Прочти, может, получишь какое-то представление, если и не о самой
Африке, то о жизни в ней твоих соотечественников далёких уже семидесятых годов.
28 февраля 1979. Луанда, Отель Кошта ду Сол.
"Февраль Достать чернил и плакать! Писать о феврале навзрыд, когда грохочущая слякоть весною черною горит"… – завтра первый день весны. Перезимовали, Таня!
– Перезимовали, – думаешь, наверное, ты именно в этот самый момент, глядя на тускло освещённый, заваленный сугробами мир твоей
Нагатинской вселенной, украшенной трубами завода ЗИЛ.
– Перезимовали, – поддакиваю я тебе, сидя в плавках на коштинском балконе. Перевожу взгляд с написанных твоей рукой строчек и смотрю на закат, в очередной раз наслаждаюсь гениальным спектаклем великого режиссёра – природы. Огромный красный шар сползает вниз в океан и цепляется за верхушки пальм на длинном узком острове Мусулу под самым горизонтом. Облака сначала темнеют, а потом вдруг расцвечиваются всеми оттенками бордовых и оранжевых цветов, творят из себя волшебные невиданные картины. Я сижу на высоченной горе один единственный зритель моего балкона, над головой – пылающий небосвод, а внизу на три стороны простирается бесконечная темнеющая на. глазах морская гладь. Вдали – лодчонка с белым парусом, медленно и бесшумно обгоняет её кажущийся крошечным прогулочный катерок. Впереди подо мной плавно проплывает яркий треугольник белых цапель, скользит над темной поверхностью воды.

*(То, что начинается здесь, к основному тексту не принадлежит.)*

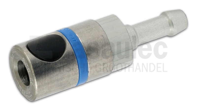 Stäubli RCS perslucht-veiligheidssnelkoppeling, voorzien van binnendraad en drukknopbediening.
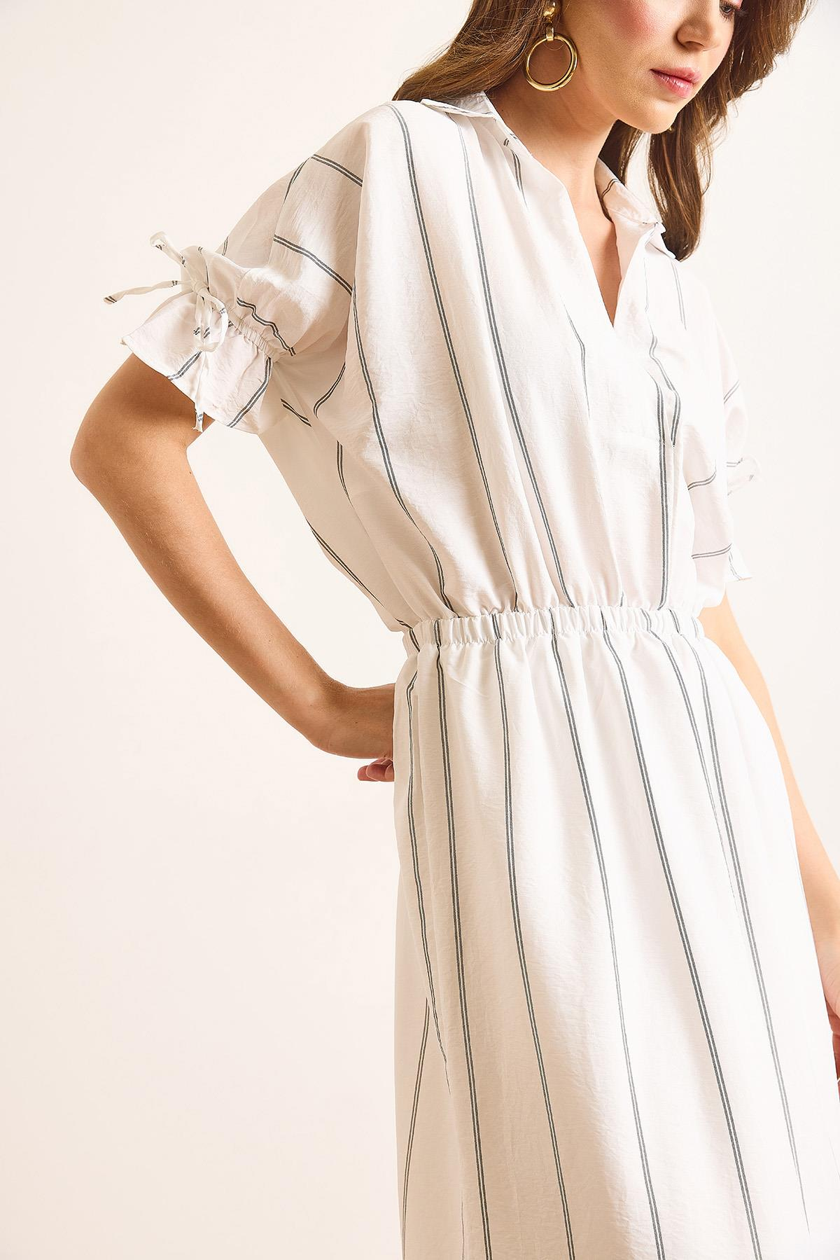 Polo Yaka Beli Lastikli Çizgili Astarlı Midi Dökümlü Elbise Beyaz (ELB-19002511)

Потом солнце проваливается за Мусулу, бордово оранжевое небо вспыхивает последний раз и быстро начинает темнеть. А я сижу и вспоминаю, что совсем недавно были Вешняки, моя тесная кухонька, бутылка молдавского Каберне, поджаренный кусок мяса за 37 копеек, такой же в точности дом напротив, желтые окна, голые деревья снег и фонарь… Была редакция, заваленный рукописями канцелярский стол, черная казенная лампа, длинный обшарпанный коридор, вечный гул
Смоленской площади и окна МИДа напротив. И вдруг ничего этого не стало. . Далёкий силуэт Мусулу, зажигающиеся огоньки в рыбацкой деревушке, странный, непривычно перевернутый месяц… Назойливое наяринание из какого-то номера: "Не могут короли, не могут короли жениться по любви"… Чернота ночи, шум океана…
Скоро всё это кончится, станет воспоминанием, просто одним эпизодом моей жизни: что, мол, вот когда-то сидел я в южном полушарии на балконе над океаном, смотрел на далекие огоньки Мусулу в черноте, читал написанные твоей рукой стихи, пил джин с тоником из высокого коричневого стакана…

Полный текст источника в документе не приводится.